Huronia Museum would appreciate your help in naming the members of the choir.

 2006 0020 1434

 Edward Lattimore was born on a farm in South Gower in 1890 and began working on a track gang for the CPR at age 17, earning 12 cents an hour. He advanced to operating the Ledgerwood which was a machine used for unloading fill and ballast along the railway. Coming to Port McNicoll in 1909 he unloaded most of the fill used to lay the track and build up the docks. When the elevator opened in 1910 he worked there as a labourer and eventually became the loading foreman. After a decade in West St. John NB as superintendent of that elevator he returned to Port McNicoll working in the power house until his retirement on September 30th of this year. “I remember men working 48 hours steady unloading the boats, largely by hand,” Mr. Lattimore recalled.

 2006 0020 1428

 The MacDonald Creek culvert on Concession 2, Old Survey, Tiny Township, between lots 85 and 86 which was washed out by Hurricane Hazel on October 16th, 1954 is finally repaired, a year later, at a cost of $18,000.00.
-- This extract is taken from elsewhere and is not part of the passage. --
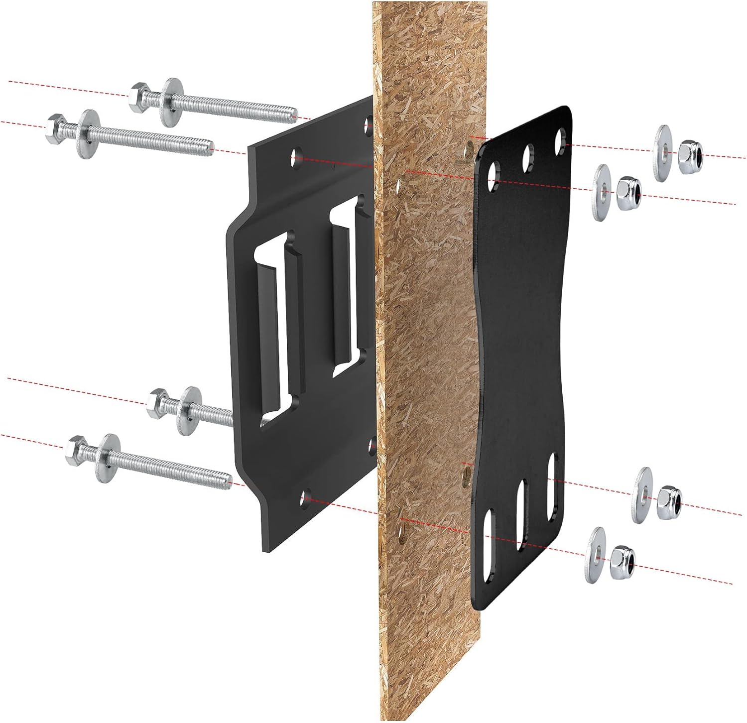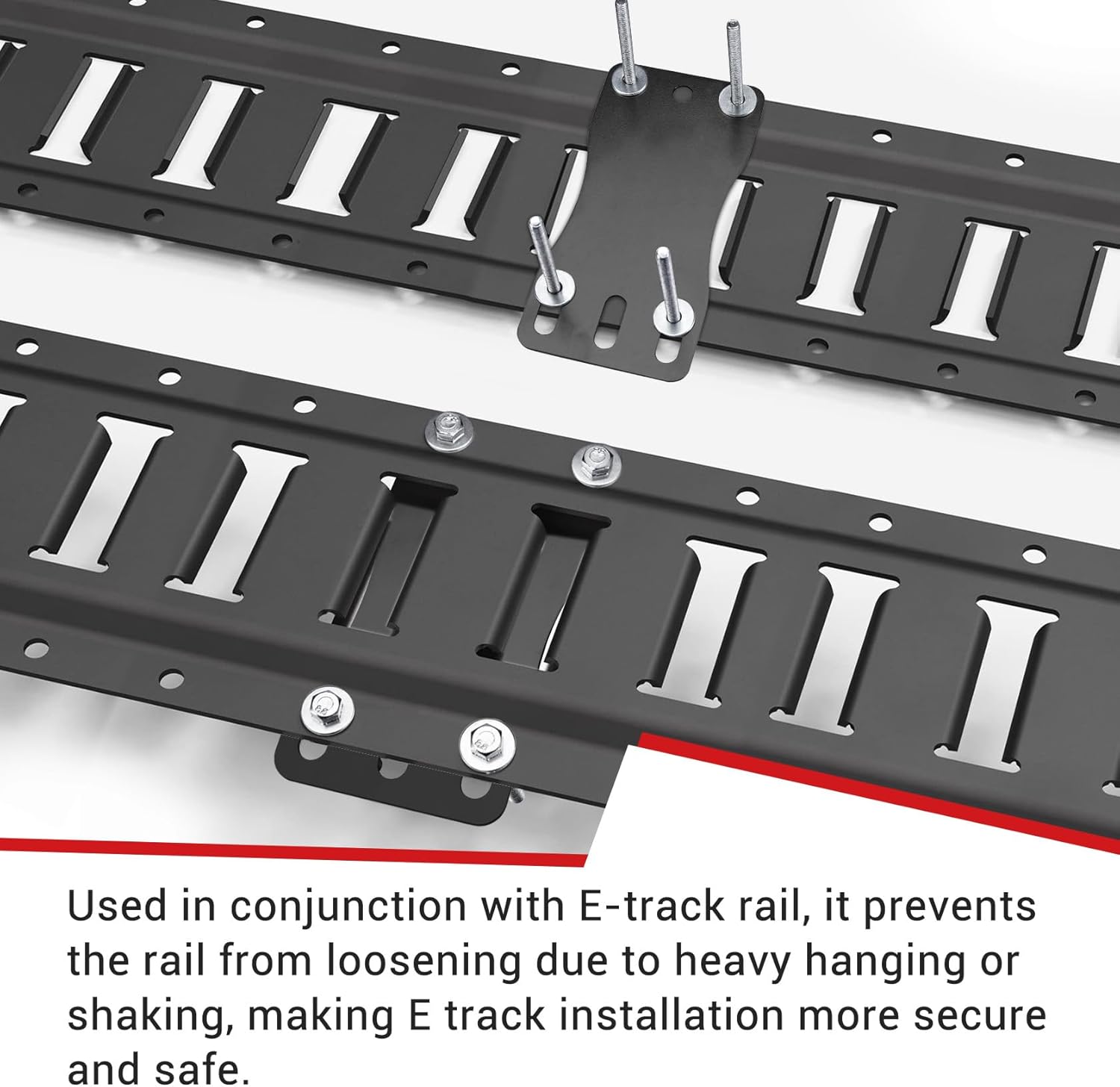 Compatible with all standard universal E-rails and X-rails, these backplates are suitable for single or multiple E-rail/X-rail holders and enhance the stability of the e-rail in use, helping to hold cargo in place. SIZE: 3"L * 6"W Bolting holes on both sides size: 1.95" apart on-centers; 1.8mm thickness. Value Pack:16 Back Plates,64 M6*65mm bolts,64 locknuts,128 Flat Washers.

“This was a favourite place of mine. The water appears to be running towards the photograper which would put him on the north side of the road, the creek is running down to the Wye River. Behind him is a very large fill with a concrete box culvert large enough to walk through. It was constructed in 1910 by the GTR to carry its line from Elmvale to Midland. There is an excellent photo of the culvert and the embankment being created on page 18 of Bonnie Reynold’s book, “Wyebridge”. Over the years I have picnicked in the deep ravine behind the embankment with my family, waded in the pool below the culvert, picked morels and fiddleheads, fished for chub and specks and shared it with the cattle that were pastured there. I was told that the property belonged to Pearl Goldsmith.”

 2006 0020 1419

 This old concession booth in Little Lake Park held memories for thousands of residents and visitors who have lined up for french fries, hot dogs, ice cream and other treats over the years. Now it is being torn down to make way for a new cement block building by proprietor John Deakos, seen on the roof at right, hoping for completion in the spring. Note the weigh scale on the left, it kept its place in front of the new building. John Deakos Jr. I am told is also in the photo.

 2006 0020 1533

 Boring three inch holes in 10″ by 10″ Elm beams is Dick Moore center and Jim O’Hearn on the right. Bob Wilson, foreman, is on the left. Ninety four timbers are needed to go around the government dock at the bottom of King Street, sixty are 10 feet long the rest are 12 feet long. Timbers are being installed near the water line on the side of the dock to act as rub rails or bumpers.

 2006 0020 1543

 2006 0020 1544

 Mr. Robert Cumming, Mrs. & Mr. Lloyd Dunlop at the opening of their new store in Moonstone. Over 700 people attended the grand opening, pleased that the Dunlop’s had elected to rebuild. Their store contained the post office and was considered the heart of the surrounding community.

2006 0020 1542

 Moonstones oldest resident, Robert Cumming, 82, is seen cutting the ribbon to open the new Dunlops Furniture and Appliance store. Mr. Cummings gave Mr. & Mrs. Lloyd Dunlop the keys to his own home last November 7th when their home and store was destroyed by fire. A retired carpenter Mr. Cumming had hung the doors when the original store was remodelled in 1937 and again on this new building.

 2006 0020 1551

 Signing up for a new season with the Midland Intermediate “A” hockey team is Roy “Mutt” Colling of Penetang, a veteran of Midland squads, Vic Grigg, also of Penetang, former pro star who will help coach the club this winter;  and “Chuck” Woods, former captain of the Barrie Flyers, who did his puck chasing for Toledo in the American Associaltion last year. Looking on at left is Murray Yorke member of last years team and Hec Adams, club secretary.